- Born: May 19, 1957 Fort Stockton, Texas
- Died: March 29, 2014 (aged 56)
- Occupation: Euthanasia activist

= Elizabeth Bouvia =

American right-to-die activist (born c. 1958–2014)

Elizabeth Bouvia (May 19, 1957 – March 29, 2014) was a figure in the American right-to-die movement. Her case attracted nationwide attention in this area as well as in medical ethics.

==History==
On September 3, 1983, Bouvia, at the age of 26 admitted herself into the psychiatric ward of Riverside General Hospital in Riverside, California. She was almost totally paralysed by cerebral palsy and had severe degenerative arthritis, which caused her great pain.
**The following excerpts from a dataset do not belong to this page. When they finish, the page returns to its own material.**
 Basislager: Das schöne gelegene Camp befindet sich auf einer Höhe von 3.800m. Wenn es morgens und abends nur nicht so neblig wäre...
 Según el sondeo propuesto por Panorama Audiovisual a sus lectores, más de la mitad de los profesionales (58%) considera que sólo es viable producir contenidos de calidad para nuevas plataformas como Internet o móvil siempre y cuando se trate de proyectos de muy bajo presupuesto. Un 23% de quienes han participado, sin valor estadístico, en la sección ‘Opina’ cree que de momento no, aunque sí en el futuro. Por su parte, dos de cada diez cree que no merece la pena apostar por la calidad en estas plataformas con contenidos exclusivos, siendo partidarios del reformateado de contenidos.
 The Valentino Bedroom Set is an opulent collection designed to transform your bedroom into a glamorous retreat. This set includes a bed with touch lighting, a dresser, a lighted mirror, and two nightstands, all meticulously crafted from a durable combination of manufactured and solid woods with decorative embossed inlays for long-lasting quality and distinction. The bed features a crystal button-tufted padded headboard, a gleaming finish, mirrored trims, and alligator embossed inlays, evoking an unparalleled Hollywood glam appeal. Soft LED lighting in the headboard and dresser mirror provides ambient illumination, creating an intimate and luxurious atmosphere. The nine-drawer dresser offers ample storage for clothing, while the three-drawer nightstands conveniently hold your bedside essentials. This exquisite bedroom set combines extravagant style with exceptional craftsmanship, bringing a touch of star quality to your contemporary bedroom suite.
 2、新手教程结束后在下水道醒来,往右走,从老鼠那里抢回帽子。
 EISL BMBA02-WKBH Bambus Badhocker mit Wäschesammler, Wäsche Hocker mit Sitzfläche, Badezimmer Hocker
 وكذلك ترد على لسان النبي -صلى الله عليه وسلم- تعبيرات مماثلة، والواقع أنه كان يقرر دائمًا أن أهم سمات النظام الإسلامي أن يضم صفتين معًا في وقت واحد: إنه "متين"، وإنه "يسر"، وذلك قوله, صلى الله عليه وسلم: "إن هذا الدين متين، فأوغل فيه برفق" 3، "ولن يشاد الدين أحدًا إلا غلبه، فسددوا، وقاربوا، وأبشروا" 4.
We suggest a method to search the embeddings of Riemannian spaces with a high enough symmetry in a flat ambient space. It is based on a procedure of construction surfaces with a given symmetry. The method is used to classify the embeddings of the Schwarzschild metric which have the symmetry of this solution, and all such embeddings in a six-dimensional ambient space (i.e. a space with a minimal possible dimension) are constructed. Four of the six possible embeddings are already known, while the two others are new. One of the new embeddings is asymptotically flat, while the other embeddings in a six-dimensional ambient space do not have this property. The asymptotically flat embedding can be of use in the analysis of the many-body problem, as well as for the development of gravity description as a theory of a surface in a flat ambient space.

Bouvia was alienated from her family and husband, and had been entertaining thoughts of suicide. She requested hospital authorities to allow her to starve to death. When they refused and ordered her to be force-fed, Bouvia contacted the American Civil Liberties Union, which assigned her a lawyer. In the subsequent lawsuit, the court upheld the hospital's decision and ordered force-feeding to continue (Pence 64–65).

==Appeal==
Following the court case, a bitter dispute broke out among physicians regarding the Bouvia case. Bouvia tried to resist the force-feeding by biting through the feeding tube. Four attendants would then hold her down while the tubing was inserted into her nose and liquids pumped into her stomach.

Some physicians called this battery and torture, while others claimed that the hospital was right to err on the side of continued life (Pence 65).

Bouvia appealed the lower court ruling and lost. Now, in addition to the force-feeding, she was hooked up to a morphine drip to ease the pain of her arthritis. In 1986, she appealed again and this time the court ruled in her favor that the force-feeding constituted battery.

==Outcome==
After the court case, Bouvia decided that she would live. However, her statements made it clear that it was because of the pain of starvation and that she actually wished she was dead.

In 1992, Bouvia's lawyer Richard Scott killed himself. In an interview with the Los Angeles Times after his suicide, Bouvia stated that she had gone on morphine after the original court ruling in 1983. She stated that side effects of the morphine made starvation unbearable and expressed bitterness that the 1983 ruling had gone against her. She stated that she had been strong enough to starve herself to death in 1983 and said that she never would have gone on morphine if she had known she would eventually get a court ruling in her favor.

In 1998, she appeared on 60 Minutes, saying that she was still in pain and had felt great pressure to continue living; she expressed the hope that she would soon die of natural causes. She was still living in 2002. In its obituary for USC professor Harlan Hahn, the Los Angeles Times on May 11, 2008, reported that Bouvia was still alive. Doctors in 1986 had predicted she could only live for another 15 to 20 years.

In the 2025 documentary Life After, director Reid Davenport interviewed Elizabeth's sisters, Teresa and Rebecca Castner, who confirmed that Elizabeth died on March 29, 2014. The last shot of the documentary depicts Davenport editing Bouvia's Wikipedia page to add her date of death.